Associated with this, the proportion of young adults living with their parents rose from 24 per cent in 2010 to 32 per cent in 2018. Other potential buyers are trapped in insecure rental accommodation.

Higher housing costs increase inequality. Elderly rich homeowners are doing well, while renters and young homebuyers are falling further behind. Moreover, many buyers can only borrow from the bank of Mum and Dad. So home ownership is becoming hereditary.

What do we do about this?

On the day the latest house price data were released, we also learned of the NSW Productivity Commission’s White Paper on boosting the state’s economy. Among other topics, this included a detailed examination of the housing market and how housing policy should change.

Low interest rates are the main proximate cause of rising prices. But, as the commission argues, the fundamental problem is inadequate construction. Fluctuations in demand may cause year-to-year variations. However, for high prices to be sustained for any length of time, supply needs to be unresponsive or “inelastic”. If output increased, prices would moderate.

If our buses were overcrowded we would not complain there were “too many passengers” — we would supply more buses. Similarly, if we responded to growing housing demand by building more housing, prices would stop soaring.

The commission attributes the supply rigidity (and hence high prices) to our stringent land use restrictions. Our planning system reserves most of our urban land for detached houses and imposes maximum building heights. Regulations like these limit housing supply. Like any other restriction on supply – let’s say taxi licences or import quotas – this interacts with growing demand to drive up the price.

The paper is the latest in a long string of reports to argue this. That, in turn, reflects a large body of research that finds land use restrictions have large effects on housing prices.

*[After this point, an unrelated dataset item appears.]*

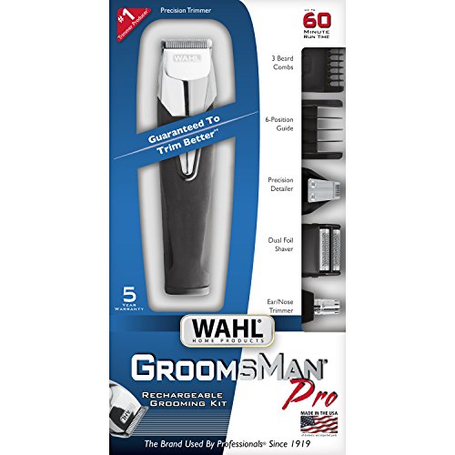The wahl groomsman pro all-in-one rechargeable grooming kit is the most versatile all-in-one rechargeable grooming system. this trimmer is great for head and total body grooming. this grooming kit includes; rechargeable trimmer unit, trimmer head, detail head, dual shaver head, t-blade, 6-position guide, 3 standard trimmer guides, 3 t-blade guides, comb, cleaning brush, blade oil, storage base, charger, and english/spanish instructions/styling guide.Feature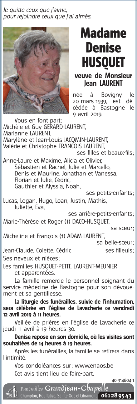 Décédée à Bastogne (6600) le mardi 9 avril 2019 à l'âge de 80 ans

In a recent research paper for the Reserve Bank of Australia, Keaton Jenner and I estimated that planning restrictions increase the cost of the average Sydney apartment by $355,000, or 68 per cent. In Melbourne, the effect is $97,000, or 20 per cent. Other research papers estimate different effects in different cities and at different times, but the finding of large effects is very common.

Planning restrictions are typically defended on the grounds of preserving neighbourhood character. Local residents complain that new apartment towers would be ugly, bring traffic and crowds, block out the sun … and so on. Recent protests in Little Bay are an example, and NSW Planning Minister Rob Stokes has echoed these residents’ concerns.

However, if apartment towers harmed neighbourhood amenity – as the opponents of density argue –then nearby house prices should fall. That does not happen.

In a recent Centre for Independent Studies paper, Zac Lanigan and I studied five prominent concentrations of high-density construction in Sydney (Chatswood, Forest Lodge, Green Square, Liverpool and Turrella) and three in Melbourne (Box Hill, South Yarra and Footscray). We find that nearby house prices are essentially unaffected by new development.

It seems that for every recalcitrant neighbour who dislikes the new apartments, there are other homebuyers who want a walkable, lively community.

The Productivity Commission provides a roadmap towards greater housing supply. This involves centrally determined targets based on measures of unmet demand, which local councils will need to follow.

If the state government adopts these recommendations, housing in Sydney may once again become affordable.